Data extract.
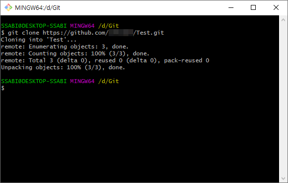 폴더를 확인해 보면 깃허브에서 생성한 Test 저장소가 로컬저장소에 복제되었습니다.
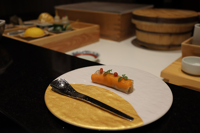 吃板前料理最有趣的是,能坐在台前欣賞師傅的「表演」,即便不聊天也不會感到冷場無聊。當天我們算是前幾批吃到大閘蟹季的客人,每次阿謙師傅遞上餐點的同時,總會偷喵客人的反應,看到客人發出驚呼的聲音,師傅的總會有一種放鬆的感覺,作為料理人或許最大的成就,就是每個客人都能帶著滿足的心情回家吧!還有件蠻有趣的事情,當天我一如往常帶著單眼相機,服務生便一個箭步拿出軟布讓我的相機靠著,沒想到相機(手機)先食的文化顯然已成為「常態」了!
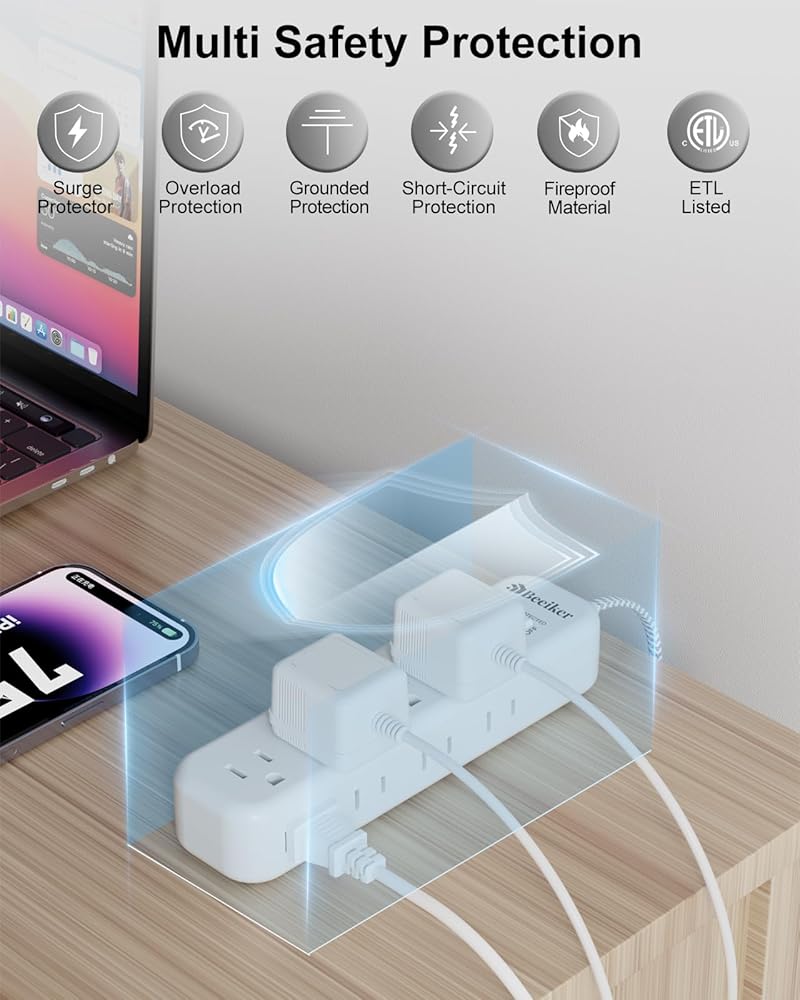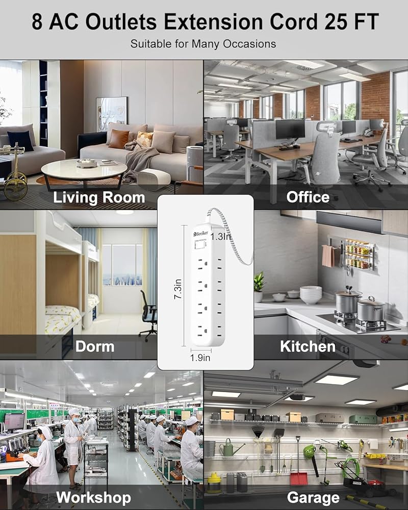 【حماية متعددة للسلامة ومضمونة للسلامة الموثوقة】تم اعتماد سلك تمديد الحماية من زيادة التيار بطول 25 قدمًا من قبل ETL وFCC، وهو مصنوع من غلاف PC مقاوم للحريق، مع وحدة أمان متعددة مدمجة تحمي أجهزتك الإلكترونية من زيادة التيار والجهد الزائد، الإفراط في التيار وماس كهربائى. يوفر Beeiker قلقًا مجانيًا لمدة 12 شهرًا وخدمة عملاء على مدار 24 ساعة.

Problem description.
Output all of the data exactly. Skip the pictures.

Result for this task.
 폴더를 확인해 보면 깃허브에서 생성한 Test 저장소가 로컬저장소에 복제되었습니다.
 吃板前料理最有趣的是,能坐在台前欣賞師傅的「表演」,即便不聊天也不會感到冷場無聊。當天我們算是前幾批吃到大閘蟹季的客人,每次阿謙師傅遞上餐點的同時,總會偷喵客人的反應,看到客人發出驚呼的聲音,師傅的總會有一種放鬆的感覺,作為料理人或許最大的成就,就是每個客人都能帶著滿足的心情回家吧!還有件蠻有趣的事情,當天我一如往常帶著單眼相機,服務生便一個箭步拿出軟布讓我的相機靠著,沒想到相機(手機)先食的文化顯然已成為「常態」了!
 【حماية متعددة للسلامة ومضمونة للسلامة الموثوقة】تم اعتماد سلك تمديد الحماية من زيادة التيار بطول 25 قدمًا من قبل ETL وFCC، وهو مصنوع من غلاف PC مقاوم للحريق، مع وحدة أمان متعددة مدمجة تحمي أجهزتك الإلكترونية من زيادة التيار والجهد الزائد، الإفراط في التيار وماس كهربائى. يوفر Beeiker قلقًا مجانيًا لمدة 12 شهرًا وخدمة عملاء على مدار 24 ساعة.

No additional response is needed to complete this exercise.